Copilot, entre promesse et réalité de bureau
En février 2024, Copilot n’est plus une promesse: il est là, déployable pour vrai dans nos outils Microsoft. L’an dernier, je parlais de ses très grandes ambitions pis de la gouvernance à régler avant de l’ouvrir. Aujourd’hui, comme Directeur TI, je suis rendu à la question qui dérange: maintenant qu’on l’a essayé pour de bon, est-ce qu’il tient ses promesses? L’heure du verdict de terrain a sonné, pis ma réponse est nuancée: oui pis non.
Oui, parce que sur certaines tâches, Copilot fait exactement ce qu’il promettait. Résumer un long fil Teams qu’on a manqué, dégrossir un courriel, retrouver dans quel document se cachait une information: là-dessus, le gain de temps est réel pis appréciable. Non, parce que sur d’autres, il déçoit. Il invente parfois, il rate le contexte, il sort une analyse Excel qui a l’air bonne mais qu’il faut tout revérifier. Entre la démo qui éblouissait pis le quotidien, il y a encore cet écart que je connais trop bien.
L’ambition à l’épreuve du réel
flowchart TD
A[Copilot deploye pour vrai] --> B{Le verdict de terrain}
B --> C[Ce qui tient ses promesses]
B --> D[Ce qui decoit]
C --> E[Resumer un fil Teams manque]
C --> F[Degrossir un courriel]
C --> G[Retrouver une info dans nos docs]
D --> H[Invente, rate le contexte parfois]
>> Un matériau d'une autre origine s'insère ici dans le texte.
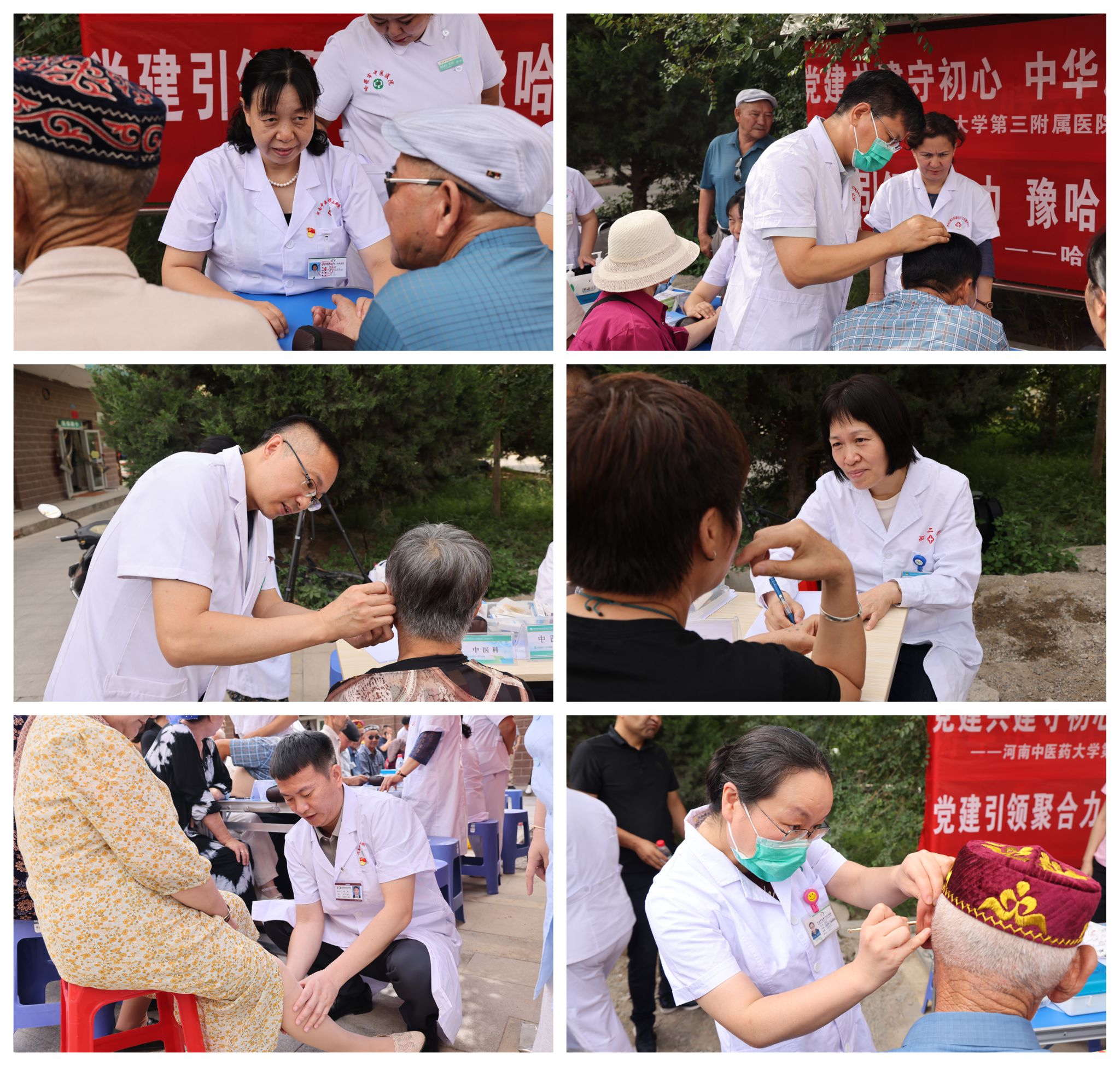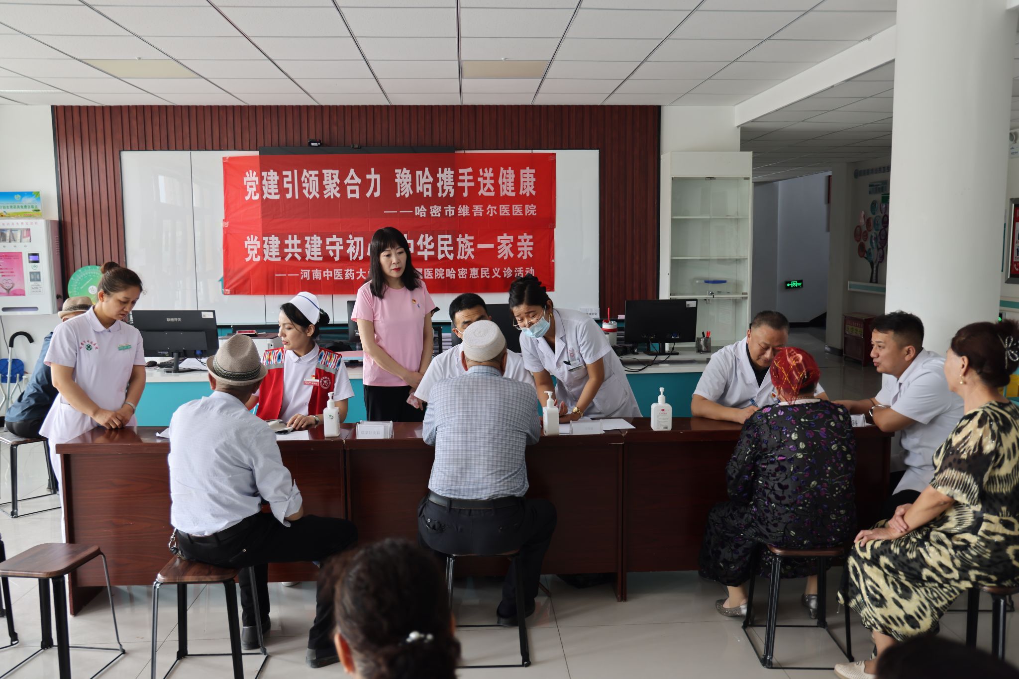 本网讯(文/胡兴旺 图/潘向昆)为全面贯彻新时代党的治疆方略,认真落实第十次全国对口支援新疆工作会议精神,2025年7月16日,三附院与哈密维吾尔医医院20余名专家赴哈密市伊州区黑峰山社区卫生服务站、白石头乡卫生院联合开展了“党建共建守初心,中华民族一家”惠民义诊活动。

D --> I[Analyses a tout reverifier]
E --> J{La vraie question du directeur}
F --> J
G --> J
H --> J
I --> J
J --> K[Le gain justifie-t-il le cout par usager?]
La question qui revient sur ma table, c’est celle du coût. Copilot, ce n’est pas gratuit: c’est un montant par usager, par mois, qui s’additionne vite sur toute une organisation. Mon travail de directeur, c’est de mesurer froidement si le temps gagné par mon monde justifie la facture. Pas de me laisser emporter par l’enthousiasme ambiant, pas de bouder non plus par réflexe de prudence. Mesurer, comparer, décider.
Cibler plutôt que tout ouvrir
Ce que mon expérience me souffle, c’est qu’il ne faut pas déployer Copilot à tout le monde d’un coup en espérant un miracle. Mieux vaut cibler: donner l’outil à ceux dont le travail croule sous les courriels, les réunions pis les documents, là où le gain sera le plus net. Pour les autres, attendre que l’outil mûrisse pis que les prix bougent.
Au fond, ce que je retiens de cette première vraie année de Copilot, c’est qu’une grande ambition se juge à l’usage, pas à l’annonce. L’outil est prometteur, parfois bluffant, parfois décevant. Mon rôle n’est pas de croire à la magie ni de la rejeter, mais de trouver, cas par cas, où il fait gagner mon monde — pis où il coûte plus qu’il ne rapporte.
Ce que je retiens
En février 2024, Copilot passe de la promesse au produit qu’on peut enfin juger. Le verdict de terrain est nuancé: il tient ses promesses sur le résumé, le brouillon, la recherche dans nos documents, mais il déçoit ailleurs — il invente, rate le contexte, sort des analyses à tout revérifier.
Ce que je retiens, comme directeur, c’est que la grande question n’est pas technique mais économique: le temps gagné justifie-t-il le coût par usager, mois après mois? Ma réponse, c’est de cibler plutôt que d’ouvrir à tout le monde — donner l’outil à ceux qui croulent sous les courriels pis les réunions, attendre la maturité pour les autres. Une grande ambition se juge à l’usage, pas à l’annonce. Mon métier, c’est de trouver froidement où Copilot fait gagner mon monde, pis où il coûte plus qu’il ne rapporte.